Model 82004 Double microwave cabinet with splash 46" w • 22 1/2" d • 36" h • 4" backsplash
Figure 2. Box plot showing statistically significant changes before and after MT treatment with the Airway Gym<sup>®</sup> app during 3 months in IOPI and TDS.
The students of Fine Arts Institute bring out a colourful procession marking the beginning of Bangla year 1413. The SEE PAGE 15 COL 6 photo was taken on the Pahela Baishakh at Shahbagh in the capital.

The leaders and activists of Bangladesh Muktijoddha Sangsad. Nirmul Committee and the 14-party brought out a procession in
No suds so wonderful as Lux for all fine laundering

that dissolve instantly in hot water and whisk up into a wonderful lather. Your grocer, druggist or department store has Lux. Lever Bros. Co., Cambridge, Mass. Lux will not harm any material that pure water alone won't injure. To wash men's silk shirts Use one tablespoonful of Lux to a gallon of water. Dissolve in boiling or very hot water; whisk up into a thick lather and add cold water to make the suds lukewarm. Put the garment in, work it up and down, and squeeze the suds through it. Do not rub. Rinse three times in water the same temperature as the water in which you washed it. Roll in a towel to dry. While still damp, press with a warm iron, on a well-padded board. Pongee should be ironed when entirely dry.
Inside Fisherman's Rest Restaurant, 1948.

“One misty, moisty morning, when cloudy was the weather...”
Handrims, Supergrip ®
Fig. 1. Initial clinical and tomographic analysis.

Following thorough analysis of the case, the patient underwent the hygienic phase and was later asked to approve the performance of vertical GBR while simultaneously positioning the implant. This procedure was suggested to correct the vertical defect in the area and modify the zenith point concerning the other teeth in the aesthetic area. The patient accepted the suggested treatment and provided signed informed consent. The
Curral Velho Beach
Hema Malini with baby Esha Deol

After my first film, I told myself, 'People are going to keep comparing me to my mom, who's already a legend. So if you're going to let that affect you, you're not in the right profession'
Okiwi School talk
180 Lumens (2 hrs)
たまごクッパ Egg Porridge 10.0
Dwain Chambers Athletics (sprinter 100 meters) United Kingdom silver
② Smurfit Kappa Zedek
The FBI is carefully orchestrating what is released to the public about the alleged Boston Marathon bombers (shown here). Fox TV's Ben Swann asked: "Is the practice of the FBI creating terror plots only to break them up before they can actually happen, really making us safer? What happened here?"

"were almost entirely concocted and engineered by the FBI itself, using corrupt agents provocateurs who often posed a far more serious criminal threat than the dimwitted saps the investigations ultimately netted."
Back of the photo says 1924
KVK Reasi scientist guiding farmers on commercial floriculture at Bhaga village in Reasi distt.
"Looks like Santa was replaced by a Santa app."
==
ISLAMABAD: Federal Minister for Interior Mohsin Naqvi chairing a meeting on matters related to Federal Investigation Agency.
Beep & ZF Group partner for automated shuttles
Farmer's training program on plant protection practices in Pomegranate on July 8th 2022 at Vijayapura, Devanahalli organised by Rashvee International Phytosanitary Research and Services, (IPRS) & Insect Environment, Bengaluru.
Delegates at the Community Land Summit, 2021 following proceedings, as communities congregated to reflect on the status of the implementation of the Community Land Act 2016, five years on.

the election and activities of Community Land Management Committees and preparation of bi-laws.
--
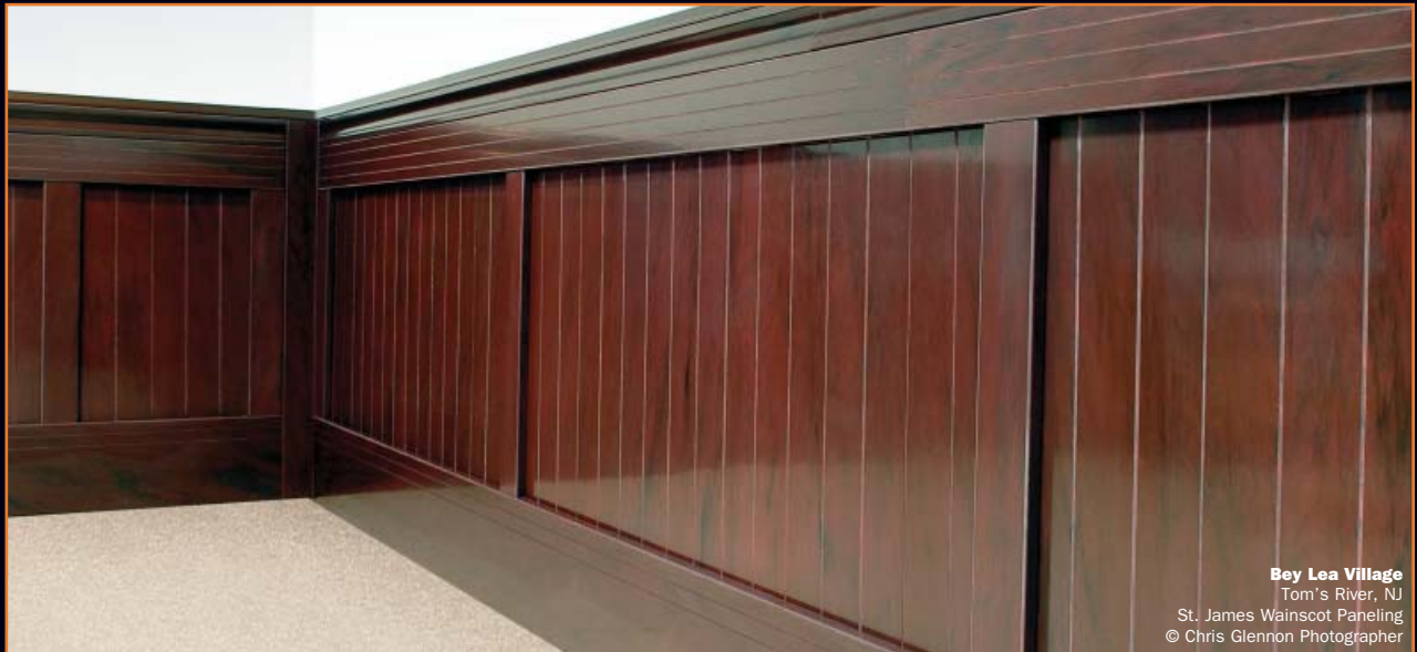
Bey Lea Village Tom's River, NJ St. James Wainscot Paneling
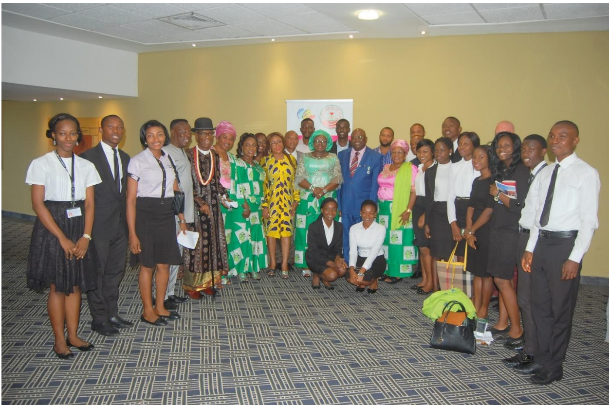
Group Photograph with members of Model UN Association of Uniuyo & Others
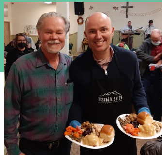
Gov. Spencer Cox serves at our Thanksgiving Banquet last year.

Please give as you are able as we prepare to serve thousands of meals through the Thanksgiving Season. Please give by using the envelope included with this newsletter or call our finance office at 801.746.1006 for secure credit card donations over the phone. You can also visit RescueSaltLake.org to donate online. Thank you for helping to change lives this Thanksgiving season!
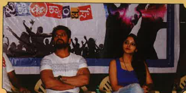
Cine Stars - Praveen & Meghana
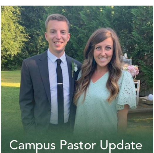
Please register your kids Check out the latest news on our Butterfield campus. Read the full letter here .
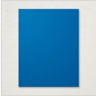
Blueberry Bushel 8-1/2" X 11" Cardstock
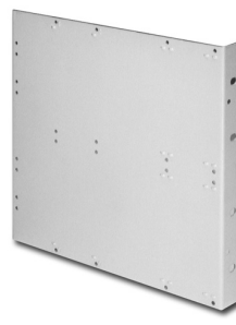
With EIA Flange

**TASK DIRECTIONS**: Among the lines above, find the one with "almost entirely concocted" and the one with "like Santa was". Quote both and everything between them, exactly.

**WORKED SOLUTION**:
"were almost entirely concocted and engineered by the FBI itself, using corrupt agents provocateurs who often posed a far more serious criminal threat than the dimwitted saps the investigations ultimately netted."
Back of the photo says 1924
KVK Reasi scientist guiding farmers on commercial floriculture at Bhaga village in Reasi distt.
"Looks like Santa was replaced by a Santa app."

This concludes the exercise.